Affiliation: Cumberland Advisors

David R. Kotok cofounded Cumberland Advisors in 1973 and has been its Chief Investment Officer since inception. He holds a B.S. in economics from The Wharton School of the University of Pennsylvania, an M.S. in organizational dynamics from The School of Arts and Sciences at the University of Pennsylvania, and a masters in philosophy from the University of Pennsylvania.

Mr. Kotok’s articles and financial market commentary have appeared in The New York Times, The Wall Street Journal, Barron's, and other publications. He is a frequent contributor to Bloomberg TV and radio, CNBC TV programs, Fox Business, Yahoo Finance and others.

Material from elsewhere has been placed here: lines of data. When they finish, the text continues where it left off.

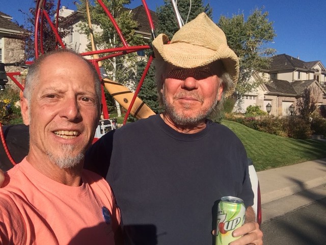 After I saw Dawn off I drove to Highlands Ranch where I spent the afternoon with Rex Mangurian. Rex was working on his Falcon and still in the glow of MV. Rex and I got to know each other in the early 80’s when I was a Factory Rep in the bicycle business. He has changed very little over the years, still into the outdoor toys and the vices we grew up with. I thought I had a great garage but Rex has me beat. Two big Motor cycles and a trick little trike that gimbals… and lots and lots of stuff. Rex gave me a mason jar out of his garden and I hit the road.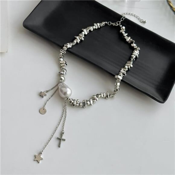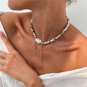 This 14K gold-plated irregular choker necklace is a total head-turner! With its geometric tassel design, high-polish baroque pearl, and metal bead details, this piece blends artistic flair with modern luxury. It’s like wearing a work of art — bold, trendy, and effortlessly chic.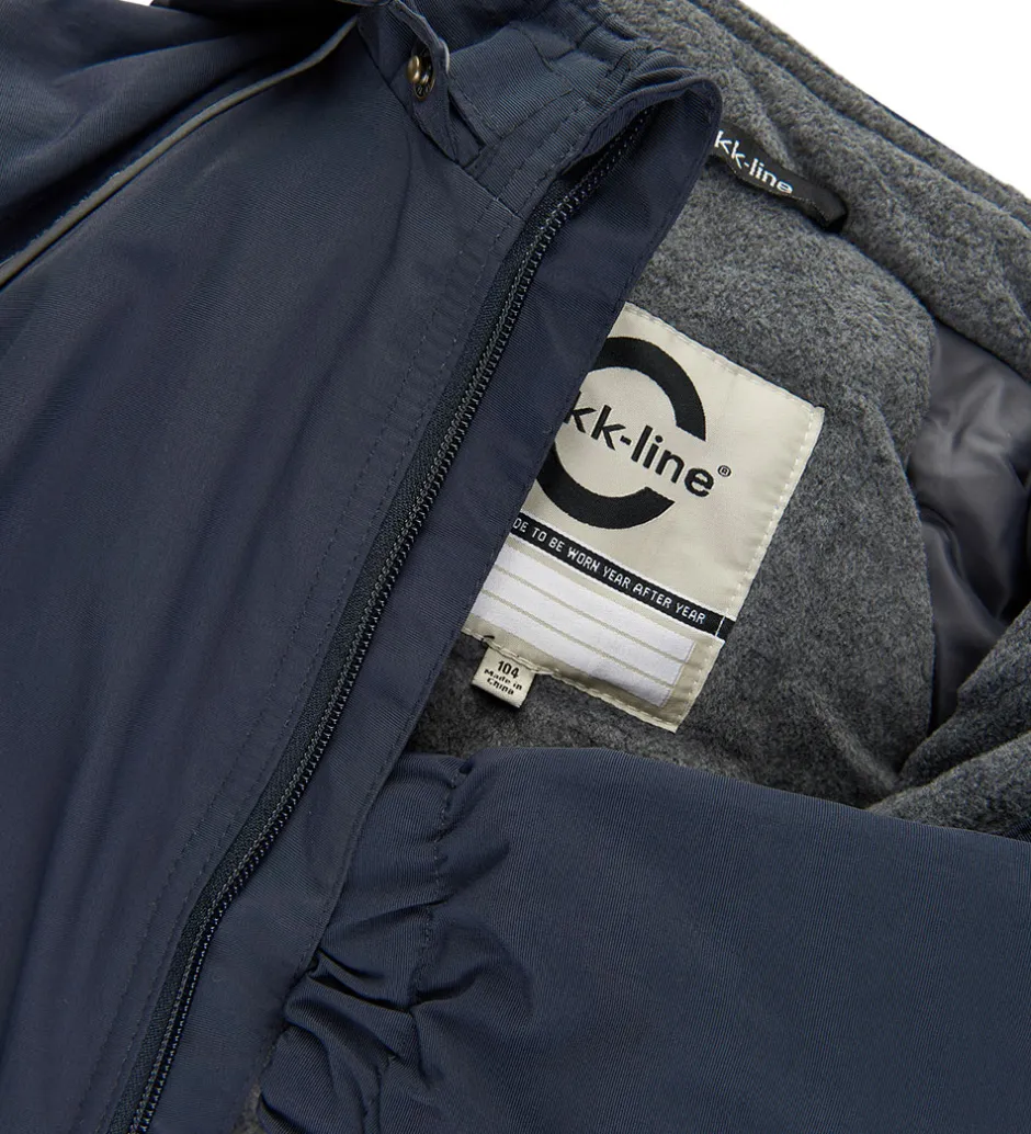 Mikk-Line flyverdragten har en elastik i taljen, som kan justeres indvendigt, hvis man ønsker et mere figursyet snit. Fortil er der en lynlåslomme i hver side. Flyverdragten åbnes med en lynlås med hagebeskytter og dobbelt vindstolpe. Indvendigt er der mørkegråt, blødt fleecefor i overkroppen, kraven, hætten og ved håndleddene, mens der er glatvævet for i resten af flyverdragten. Flyverdragten har en varm polyestervattering.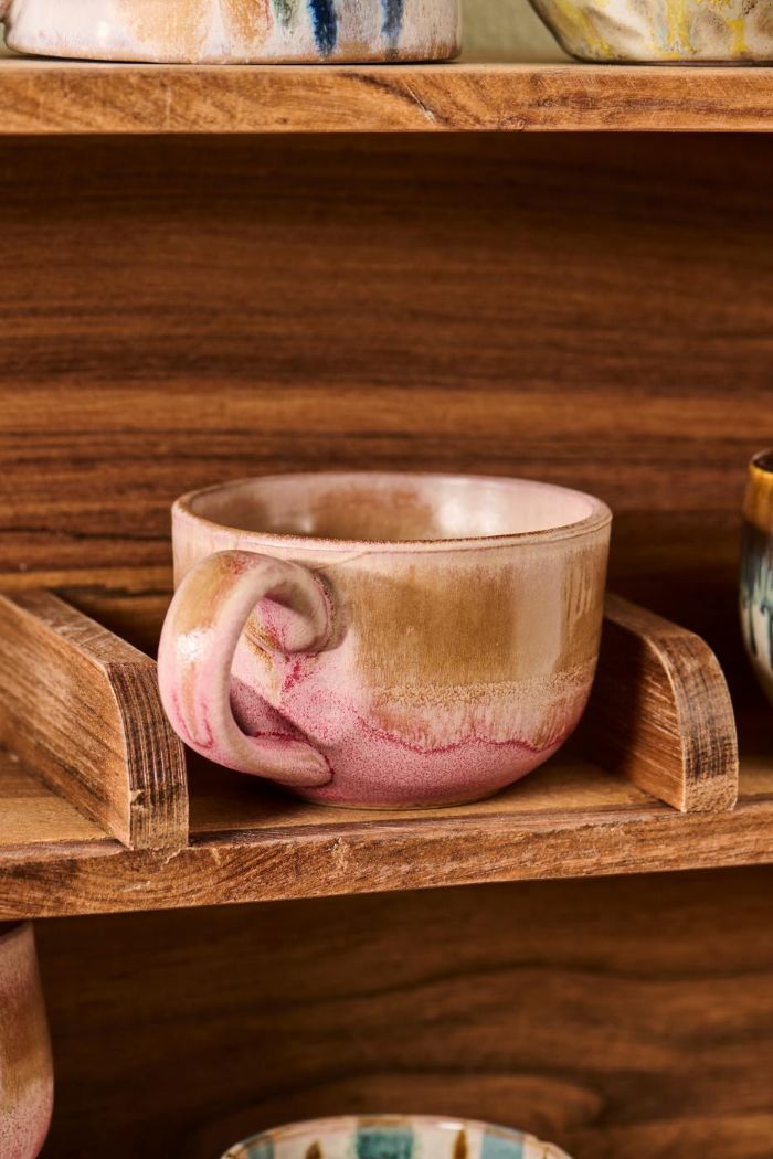 Et hånddrejet keramikkrus med en smuk, levende glasur. Denne variant har en særlig fin farvekombination i rosa og lysebrune nuancer, som flyder blidt sammen og giver kruset et varmt og indbydende udtryk.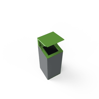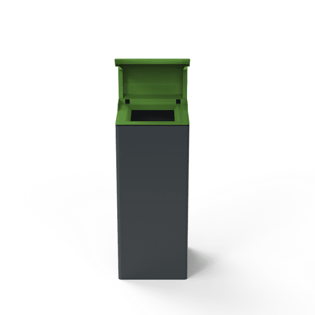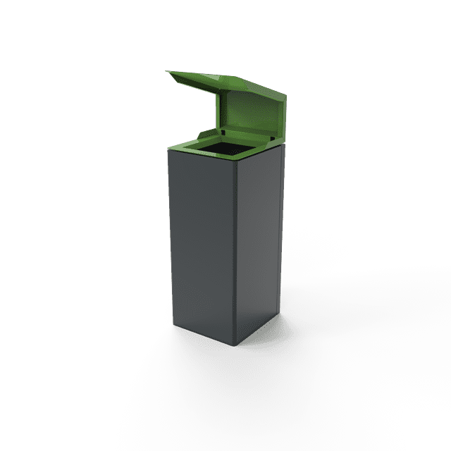 Nemo outdoor litter bin features a durable mild steel body with a zinc-rich powder-coated finish, a top opening with a rain cover, and SS 316 stainless steel accessories. A galvanized steel inner container securely holds waste bags for efficient disposal.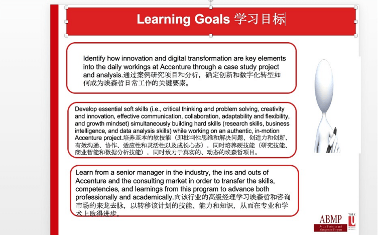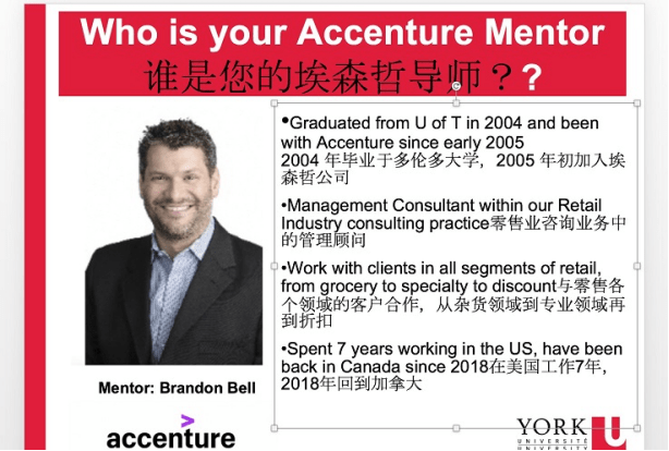 结束多大的课程后,项目进展到约克大学与埃森哲实训阶段,在该阶段中我们通过讲师Broaden分享以及小组讨论,探索了企业(尤其是零售企业)的数字化进程。讲师Broden同样有着丰富的教学与实战经验,在课程中我们的上课流程包括讲师的案例讲解与观点分享——小组成员讨论——讲师答疑——回归课堂分享总结,交互式的教学使得课程生动有趣,同学们积极思考,不吝分享,到处都是思维碰撞的火花。

Mr. Kotok currently serves as a Director and Program Chairman of the Global Interdependence Center (GIC) (www.interdependence.org), whose mission is to encourage the expansion of global dialogue and free trade in order to improve cooperation and understanding among nation states, with the goal of reducing international conflicts and improving worldwide living standards. Mr. Kotok chairs its Central Banking Series, and organized a five-continent dialogue held in Philadelphia, Paris, Zambia (Livingstone), Hanoi, Singapore, Prague, Capetown, Shanghai, Hong Kong, Rome, Milan, Tallinn, and Santiago, Chile. He has received the Global Citizen Award from GIC for his efforts.

Mr. Kotok is a member of the National Business Economics Issues Council (NBEIC), the National Association for Business Economics (NABE), serves on the Research Advisory Board of BCA Research, and is also a member of the Philadelphia Council for Business Economics (PCBE).

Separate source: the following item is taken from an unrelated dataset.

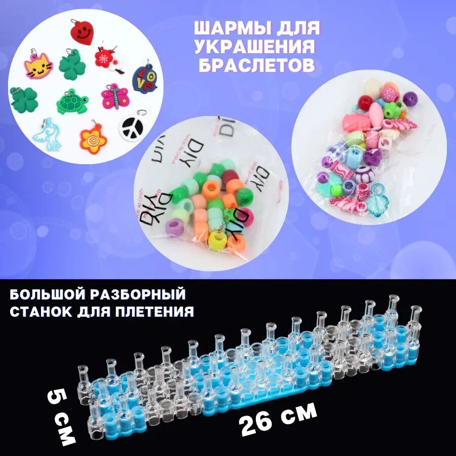 | Состав набора | бусины / крючок / резиночки / станок / шармы |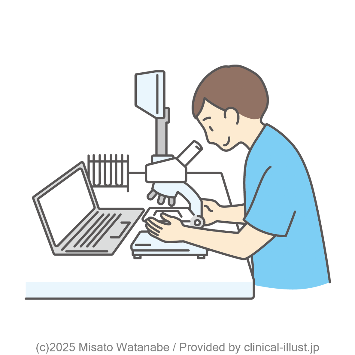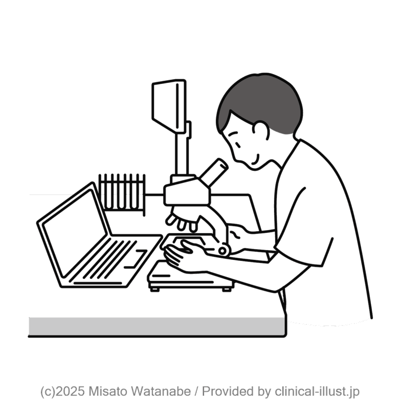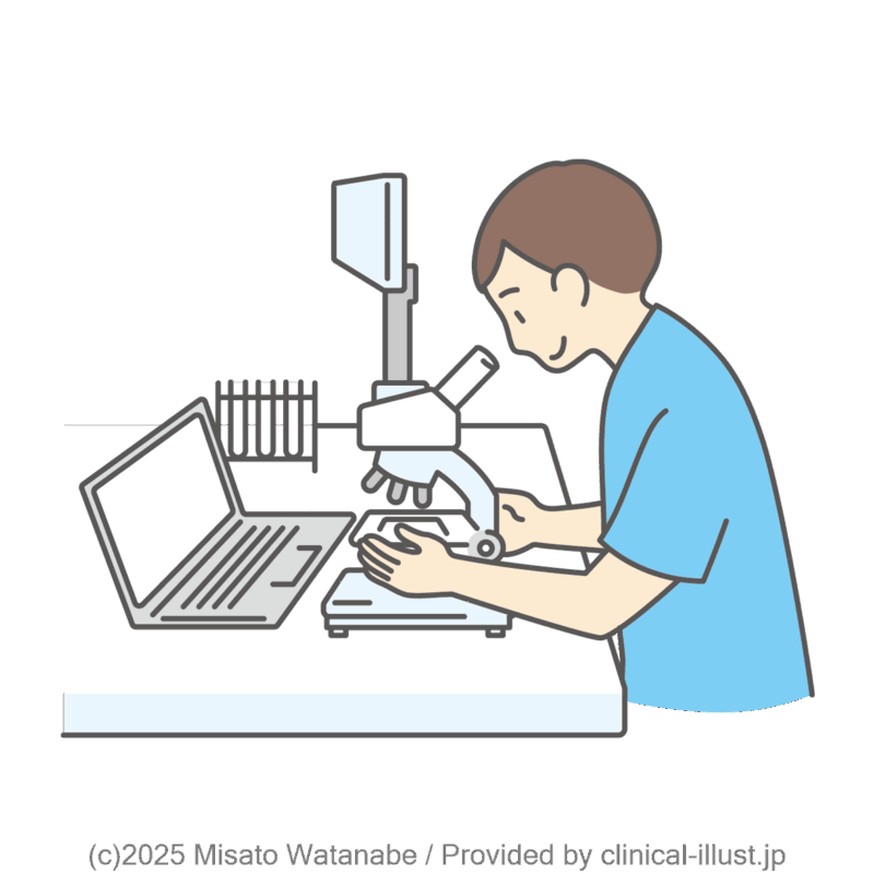 細胞を検査して、病気を調べるイラストです。

Mr. Kotok has served as a Commissioner of the Delaware River Port Authority (DRPA) and on the Treasury Transition Teams for New Jersey Governors Kean and Whitman. He has also served as a board member of the New Jersey Economic Development Authority and as Chairman of the New Jersey Casino Reinvestment Development Authority.

Mr. Kotok hosts an annual Maine fishing trip, where, it is rumored, most of the nation’s important financial and economic decisions are actually made.